Oracle Semantic Search using Vectors on Iceberg Tables

Posted on

In my previous blog posts I’ve explored how to use Iceberg Tables and how to integrate these in with your Data Lake. Additionally, I showed how to setup your Oracle Data Lake (Database) to access the data stored in Iceberg Tables stored in OCI Object Storage. To access this Iceberg Table data from the Oracle Database we created an External Table. This allows us to query the Iceberg Table data as if it was internal to the database. With all new releases there is continuous improvement in the features and to make them easier to use. One such new feature (as of 23.26.1) is the ability to read vector data types from an External Table.

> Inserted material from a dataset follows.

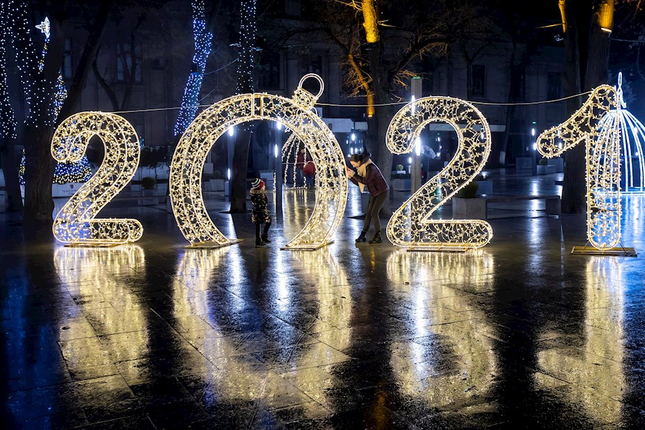 Una madre le toma fotos a su hijo en el cartel de 2021 en el centro de Chisinau, Moldavia, el 24 de diciembre de 2020. Tradicionalmente, las personas de los antiguos países de la Unión Soviética aún celebran la Navidad en dos ocasiones, el 25 de diciembre y el 7 de enero. EFE/ Dumitru Doru.

This new feature is called or referred to as ‘Vectors on Ice’.

With Oracle Database External Tables now supporting vector embedding stored in Iceberg Tables, means you can generate vector embeddings with your preferred embedding model (external to Oracle using your faviourite tool/library), store them in Iceberg Tables in cloud object storage (OCI Object Storage, AWS S3, etc.), and run semantic search from Oracle AI Database, accessing vector data stored within the database and externally with the minimum of data movement and with similar SQL queries.

Summary: Vectors on Ice lets you ask semantic questions of your data lake using the same SQL and vector search tooling you already use in Oracle Database, without copying or moving the data.

Oracle vector indexes can be created to speed up semantic search over the vectors in the Iceberg Tables. You don’t need to copy Iceberg data into an Oracle Database to use them or to update the Vector Index. The vector indexes are stored standalone in the database and (depending on the type of Vector Index used) can automatic sync as data is added to the files on Object Storage. The syncing of the Vector Index is not immediately updated but is updated based on a background process, so you can look on this index being eventually consistent. In might happen fairly quickly or during large write periods in might take seconds to a few minutes to get fully up-to-date.

Let’s have a look at an example of this. The following example builds upon my example in my previous posts which walked through the setup sets needed for gaining access to Object Storage, etc

CREATE TABLE IF NOT EXISTS external_vector_file
(
id VARCHAR(10) PRIMARY KEY,
text_desc VARCHAR2(1000),
vec_embedding VECTOR(1024, float32)
)
ORGANIZATION EXTERNAL
(
TYPE ORACLE_BIGDATA
DEFAULT DIRECTORY DATA_PUMP_DIR
ACCESS PARAMETERS
(
com.oracle.bigdata.credential.name=OCI_CRED
com.oracle.bigdata.fileformat=parquet
com.oracle.bigdata.access_protocol=iceberg
)
LOCATION ('<path-to-iceberg-table>/metadata/v1.metadata.json')
)
REJECT LIMIT UNLIMITED;

and to create a Vector Index on this external file

CREATE VECTOR INDEX external_vector_file_idx_ivf
ON external_vector_file (vec_embedding)
ORGANIZATION NEIGHBOR PARTITIONS;

We can now run our SQL queries on this external vector data. This query assumes we have the same vector embedding model loaded into the database.

SELECT id,
text_desc,
vector_distance(vec_embedding,
vector_embedding(my_onnx_model using :INPUT_TERM as data) DIST
FROM external_vector_file
ORDER BY DIST
FETCH FIRST 10 ROWS ONLY;

Why is this important? This allows organisations that already store vectors or embeddings in Iceberg Tables, as part of an existing ML pipeline, and who want to query them, performing semantic search, alongside the data in their Oracle Database, can now do so with the minimum of setup. This brings the benefits of Semantic Search to a wider audience within the organisation.